INFORMATION Start Marker
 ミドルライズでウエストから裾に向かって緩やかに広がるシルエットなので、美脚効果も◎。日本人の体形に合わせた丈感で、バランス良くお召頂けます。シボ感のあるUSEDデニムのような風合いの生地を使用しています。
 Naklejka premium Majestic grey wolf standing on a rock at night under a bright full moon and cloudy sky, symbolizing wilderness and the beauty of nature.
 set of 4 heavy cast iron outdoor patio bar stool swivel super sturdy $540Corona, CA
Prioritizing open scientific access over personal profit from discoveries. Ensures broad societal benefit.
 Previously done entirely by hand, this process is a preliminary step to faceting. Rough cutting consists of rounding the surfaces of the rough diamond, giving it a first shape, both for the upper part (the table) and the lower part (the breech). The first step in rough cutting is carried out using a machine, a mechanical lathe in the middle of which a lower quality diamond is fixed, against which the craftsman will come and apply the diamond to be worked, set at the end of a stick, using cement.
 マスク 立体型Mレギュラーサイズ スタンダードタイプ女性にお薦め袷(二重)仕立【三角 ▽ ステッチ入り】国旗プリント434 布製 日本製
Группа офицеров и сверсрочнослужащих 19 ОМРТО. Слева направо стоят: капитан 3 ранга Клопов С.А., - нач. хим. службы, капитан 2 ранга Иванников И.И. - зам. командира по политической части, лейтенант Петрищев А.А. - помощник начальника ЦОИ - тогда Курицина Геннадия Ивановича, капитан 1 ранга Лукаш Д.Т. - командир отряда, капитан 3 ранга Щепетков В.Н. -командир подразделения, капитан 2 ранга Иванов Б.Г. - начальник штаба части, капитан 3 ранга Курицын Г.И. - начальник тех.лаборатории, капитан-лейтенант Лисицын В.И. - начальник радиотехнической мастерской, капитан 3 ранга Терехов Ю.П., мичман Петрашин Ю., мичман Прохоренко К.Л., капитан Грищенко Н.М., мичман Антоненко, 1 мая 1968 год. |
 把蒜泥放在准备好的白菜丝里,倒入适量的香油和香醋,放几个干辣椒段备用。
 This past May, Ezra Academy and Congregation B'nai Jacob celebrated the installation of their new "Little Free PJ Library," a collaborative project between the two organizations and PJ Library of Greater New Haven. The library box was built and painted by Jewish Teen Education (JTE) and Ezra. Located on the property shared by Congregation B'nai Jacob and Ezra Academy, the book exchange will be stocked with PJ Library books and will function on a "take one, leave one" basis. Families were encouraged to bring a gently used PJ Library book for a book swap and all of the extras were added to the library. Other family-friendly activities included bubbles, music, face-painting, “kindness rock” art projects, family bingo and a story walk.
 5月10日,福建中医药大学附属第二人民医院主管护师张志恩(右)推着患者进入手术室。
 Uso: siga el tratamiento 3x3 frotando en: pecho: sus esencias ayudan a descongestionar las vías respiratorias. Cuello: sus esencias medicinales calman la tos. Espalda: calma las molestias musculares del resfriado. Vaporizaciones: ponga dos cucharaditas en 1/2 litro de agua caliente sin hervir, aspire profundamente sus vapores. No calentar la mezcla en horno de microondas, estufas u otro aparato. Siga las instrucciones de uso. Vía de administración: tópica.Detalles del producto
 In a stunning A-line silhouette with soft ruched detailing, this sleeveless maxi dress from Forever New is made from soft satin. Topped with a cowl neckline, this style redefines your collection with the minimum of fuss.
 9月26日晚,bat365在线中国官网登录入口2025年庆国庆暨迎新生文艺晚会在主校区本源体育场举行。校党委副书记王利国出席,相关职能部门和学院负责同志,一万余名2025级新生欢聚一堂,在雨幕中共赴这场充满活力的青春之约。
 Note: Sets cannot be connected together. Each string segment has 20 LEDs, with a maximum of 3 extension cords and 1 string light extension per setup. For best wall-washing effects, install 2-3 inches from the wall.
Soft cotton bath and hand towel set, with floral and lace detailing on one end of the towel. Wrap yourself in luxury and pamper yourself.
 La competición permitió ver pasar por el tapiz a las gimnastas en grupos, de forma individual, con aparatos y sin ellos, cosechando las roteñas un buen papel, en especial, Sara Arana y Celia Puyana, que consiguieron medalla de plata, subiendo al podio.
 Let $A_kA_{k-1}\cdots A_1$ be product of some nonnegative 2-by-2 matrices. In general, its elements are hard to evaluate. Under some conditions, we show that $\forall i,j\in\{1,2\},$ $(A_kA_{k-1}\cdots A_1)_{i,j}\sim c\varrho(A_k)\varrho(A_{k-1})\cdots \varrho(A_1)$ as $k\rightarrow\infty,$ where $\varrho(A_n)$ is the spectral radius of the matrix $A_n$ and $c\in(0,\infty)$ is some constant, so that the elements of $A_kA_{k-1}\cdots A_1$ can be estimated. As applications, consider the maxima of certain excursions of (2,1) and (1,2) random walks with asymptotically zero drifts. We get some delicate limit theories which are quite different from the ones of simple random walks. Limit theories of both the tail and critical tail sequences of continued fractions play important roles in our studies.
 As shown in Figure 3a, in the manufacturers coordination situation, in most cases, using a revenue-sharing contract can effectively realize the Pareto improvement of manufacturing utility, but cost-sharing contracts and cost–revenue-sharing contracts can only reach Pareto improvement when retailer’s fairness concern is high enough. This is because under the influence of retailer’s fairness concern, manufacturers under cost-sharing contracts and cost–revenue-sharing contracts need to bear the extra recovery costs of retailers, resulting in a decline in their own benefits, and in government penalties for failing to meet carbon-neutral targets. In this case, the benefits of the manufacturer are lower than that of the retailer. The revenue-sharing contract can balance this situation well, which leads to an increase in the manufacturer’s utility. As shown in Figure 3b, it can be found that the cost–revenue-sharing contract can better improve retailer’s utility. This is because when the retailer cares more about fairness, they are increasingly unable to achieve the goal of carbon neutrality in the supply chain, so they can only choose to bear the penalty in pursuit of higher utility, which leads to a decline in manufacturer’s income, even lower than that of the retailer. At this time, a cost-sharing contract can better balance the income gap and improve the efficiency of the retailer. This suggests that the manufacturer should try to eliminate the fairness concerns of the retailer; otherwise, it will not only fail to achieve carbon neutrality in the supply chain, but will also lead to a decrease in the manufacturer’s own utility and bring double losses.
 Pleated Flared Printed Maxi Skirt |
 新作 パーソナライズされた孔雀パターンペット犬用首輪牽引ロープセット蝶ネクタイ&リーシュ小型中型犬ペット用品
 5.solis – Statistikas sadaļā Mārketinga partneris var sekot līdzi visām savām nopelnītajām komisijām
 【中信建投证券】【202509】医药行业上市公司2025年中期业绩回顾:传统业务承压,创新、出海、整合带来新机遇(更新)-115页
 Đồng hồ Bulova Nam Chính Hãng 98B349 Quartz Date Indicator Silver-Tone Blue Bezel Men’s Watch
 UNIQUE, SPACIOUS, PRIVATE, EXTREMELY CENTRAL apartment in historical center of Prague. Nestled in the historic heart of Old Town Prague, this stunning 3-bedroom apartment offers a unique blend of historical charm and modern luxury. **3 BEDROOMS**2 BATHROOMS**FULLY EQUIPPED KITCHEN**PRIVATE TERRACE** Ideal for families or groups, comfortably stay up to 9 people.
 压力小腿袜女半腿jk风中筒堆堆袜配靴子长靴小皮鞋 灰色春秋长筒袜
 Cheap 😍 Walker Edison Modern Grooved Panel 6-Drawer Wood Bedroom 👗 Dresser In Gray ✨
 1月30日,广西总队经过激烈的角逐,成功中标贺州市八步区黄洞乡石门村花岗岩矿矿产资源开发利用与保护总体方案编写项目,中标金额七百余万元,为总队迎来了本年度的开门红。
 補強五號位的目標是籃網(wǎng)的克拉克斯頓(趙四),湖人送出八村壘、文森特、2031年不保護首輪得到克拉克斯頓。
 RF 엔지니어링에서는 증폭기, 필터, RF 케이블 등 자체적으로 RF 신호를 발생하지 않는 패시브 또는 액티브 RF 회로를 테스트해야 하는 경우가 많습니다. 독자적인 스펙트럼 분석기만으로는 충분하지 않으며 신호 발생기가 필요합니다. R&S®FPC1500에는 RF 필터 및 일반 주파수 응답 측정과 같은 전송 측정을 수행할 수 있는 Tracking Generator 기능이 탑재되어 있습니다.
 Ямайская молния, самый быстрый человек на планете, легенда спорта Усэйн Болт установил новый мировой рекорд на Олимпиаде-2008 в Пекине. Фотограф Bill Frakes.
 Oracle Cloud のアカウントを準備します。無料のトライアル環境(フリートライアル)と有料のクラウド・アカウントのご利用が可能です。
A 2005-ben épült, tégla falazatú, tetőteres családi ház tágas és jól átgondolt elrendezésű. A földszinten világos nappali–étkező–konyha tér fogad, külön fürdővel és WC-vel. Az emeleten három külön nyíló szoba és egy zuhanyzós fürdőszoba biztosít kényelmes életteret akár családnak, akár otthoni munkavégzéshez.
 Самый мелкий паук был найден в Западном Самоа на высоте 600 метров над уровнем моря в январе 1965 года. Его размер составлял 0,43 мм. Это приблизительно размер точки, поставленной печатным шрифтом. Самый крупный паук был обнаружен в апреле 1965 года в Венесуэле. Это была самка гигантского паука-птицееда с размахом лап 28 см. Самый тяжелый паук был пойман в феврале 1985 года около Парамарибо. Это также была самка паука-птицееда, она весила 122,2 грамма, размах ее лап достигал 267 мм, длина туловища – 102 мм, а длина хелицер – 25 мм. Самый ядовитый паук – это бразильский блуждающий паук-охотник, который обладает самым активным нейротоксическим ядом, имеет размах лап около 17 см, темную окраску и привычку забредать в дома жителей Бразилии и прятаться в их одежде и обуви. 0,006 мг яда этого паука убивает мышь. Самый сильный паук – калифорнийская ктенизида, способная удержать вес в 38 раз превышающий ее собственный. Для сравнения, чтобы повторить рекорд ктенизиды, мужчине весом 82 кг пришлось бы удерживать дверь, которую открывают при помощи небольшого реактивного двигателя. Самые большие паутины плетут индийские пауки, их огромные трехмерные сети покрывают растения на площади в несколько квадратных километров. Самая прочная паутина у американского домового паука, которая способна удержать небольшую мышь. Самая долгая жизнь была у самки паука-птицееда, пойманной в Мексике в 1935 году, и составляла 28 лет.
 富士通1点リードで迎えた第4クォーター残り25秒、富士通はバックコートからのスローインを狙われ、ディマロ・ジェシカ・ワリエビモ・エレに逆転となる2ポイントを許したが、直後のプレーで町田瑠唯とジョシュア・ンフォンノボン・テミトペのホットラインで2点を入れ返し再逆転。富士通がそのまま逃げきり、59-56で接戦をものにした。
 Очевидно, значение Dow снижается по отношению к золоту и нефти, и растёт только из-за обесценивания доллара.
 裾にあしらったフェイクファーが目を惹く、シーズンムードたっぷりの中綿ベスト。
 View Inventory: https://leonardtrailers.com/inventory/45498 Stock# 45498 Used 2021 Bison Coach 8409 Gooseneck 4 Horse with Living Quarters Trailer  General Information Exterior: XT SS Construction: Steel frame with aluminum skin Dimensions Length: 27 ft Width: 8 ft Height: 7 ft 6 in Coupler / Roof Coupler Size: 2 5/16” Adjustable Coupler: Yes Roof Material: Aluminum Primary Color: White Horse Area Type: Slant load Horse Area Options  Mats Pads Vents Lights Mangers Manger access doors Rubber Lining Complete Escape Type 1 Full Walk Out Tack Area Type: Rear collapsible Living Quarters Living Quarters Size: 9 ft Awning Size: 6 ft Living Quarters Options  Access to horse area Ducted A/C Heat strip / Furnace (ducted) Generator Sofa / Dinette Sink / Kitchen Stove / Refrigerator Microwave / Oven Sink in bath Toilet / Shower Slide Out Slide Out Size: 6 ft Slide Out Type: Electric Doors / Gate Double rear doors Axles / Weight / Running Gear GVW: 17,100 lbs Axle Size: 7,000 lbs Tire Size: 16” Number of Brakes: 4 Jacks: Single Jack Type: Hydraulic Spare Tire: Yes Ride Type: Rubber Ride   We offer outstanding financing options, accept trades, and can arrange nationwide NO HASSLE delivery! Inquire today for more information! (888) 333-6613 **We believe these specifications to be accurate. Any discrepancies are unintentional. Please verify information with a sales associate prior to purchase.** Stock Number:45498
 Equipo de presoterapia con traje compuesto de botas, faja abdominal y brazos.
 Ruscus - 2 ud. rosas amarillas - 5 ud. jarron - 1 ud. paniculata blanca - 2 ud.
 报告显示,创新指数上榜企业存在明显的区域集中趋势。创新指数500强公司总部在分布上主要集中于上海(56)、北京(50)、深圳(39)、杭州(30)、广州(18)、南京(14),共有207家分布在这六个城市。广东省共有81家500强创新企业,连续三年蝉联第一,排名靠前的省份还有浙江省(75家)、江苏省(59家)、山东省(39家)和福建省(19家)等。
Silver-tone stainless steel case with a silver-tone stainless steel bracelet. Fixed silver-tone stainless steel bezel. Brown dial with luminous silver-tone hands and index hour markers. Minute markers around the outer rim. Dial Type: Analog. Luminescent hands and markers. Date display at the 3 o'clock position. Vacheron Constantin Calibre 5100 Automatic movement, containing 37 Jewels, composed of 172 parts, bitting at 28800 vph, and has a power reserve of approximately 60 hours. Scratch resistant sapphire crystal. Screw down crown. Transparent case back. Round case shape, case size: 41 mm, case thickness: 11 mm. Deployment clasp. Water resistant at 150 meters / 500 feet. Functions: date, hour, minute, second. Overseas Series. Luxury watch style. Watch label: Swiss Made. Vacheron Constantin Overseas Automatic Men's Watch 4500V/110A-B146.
INFORMATION End Marker
Repeat exactly the lines above, starting with the first line of the records and finishing with the line holding "把蒜泥放在准备好的白菜丝里,倒入适量的香油和香醋,放几个干辣椒段备用。". Add no other line.

» RESPONSE TO THIS TASK
 ミドルライズでウエストから裾に向かって緩やかに広がるシルエットなので、美脚効果も◎。日本人の体形に合わせた丈感で、バランス良くお召頂けます。シボ感のあるUSEDデニムのような風合いの生地を使用しています。
 Naklejka premium Majestic grey wolf standing on a rock at night under a bright full moon and cloudy sky, symbolizing wilderness and the beauty of nature.
 set of 4 heavy cast iron outdoor patio bar stool swivel super sturdy $540Corona, CA
Prioritizing open scientific access over personal profit from discoveries. Ensures broad societal benefit.
 Previously done entirely by hand, this process is a preliminary step to faceting. Rough cutting consists of rounding the surfaces of the rough diamond, giving it a first shape, both for the upper part (the table) and the lower part (the breech). The first step in rough cutting is carried out using a machine, a mechanical lathe in the middle of which a lower quality diamond is fixed, against which the craftsman will come and apply the diamond to be worked, set at the end of a stick, using cement.
 マスク 立体型Mレギュラーサイズ スタンダードタイプ女性にお薦め袷(二重)仕立【三角 ▽ ステッチ入り】国旗プリント434 布製 日本製
Группа офицеров и сверсрочнослужащих 19 ОМРТО. Слева направо стоят: капитан 3 ранга Клопов С.А., - нач. хим. службы, капитан 2 ранга Иванников И.И. - зам. командира по политической части, лейтенант Петрищев А.А. - помощник начальника ЦОИ - тогда Курицина Геннадия Ивановича, капитан 1 ранга Лукаш Д.Т. - командир отряда, капитан 3 ранга Щепетков В.Н. -командир подразделения, капитан 2 ранга Иванов Б.Г. - начальник штаба части, капитан 3 ранга Курицын Г.И. - начальник тех.лаборатории, капитан-лейтенант Лисицын В.И. - начальник радиотехнической мастерской, капитан 3 ранга Терехов Ю.П., мичман Петрашин Ю., мичман Прохоренко К.Л., капитан Грищенко Н.М., мичман Антоненко, 1 мая 1968 год. |
 把蒜泥放在准备好的白菜丝里,倒入适量的香油和香醋,放几个干辣椒段备用。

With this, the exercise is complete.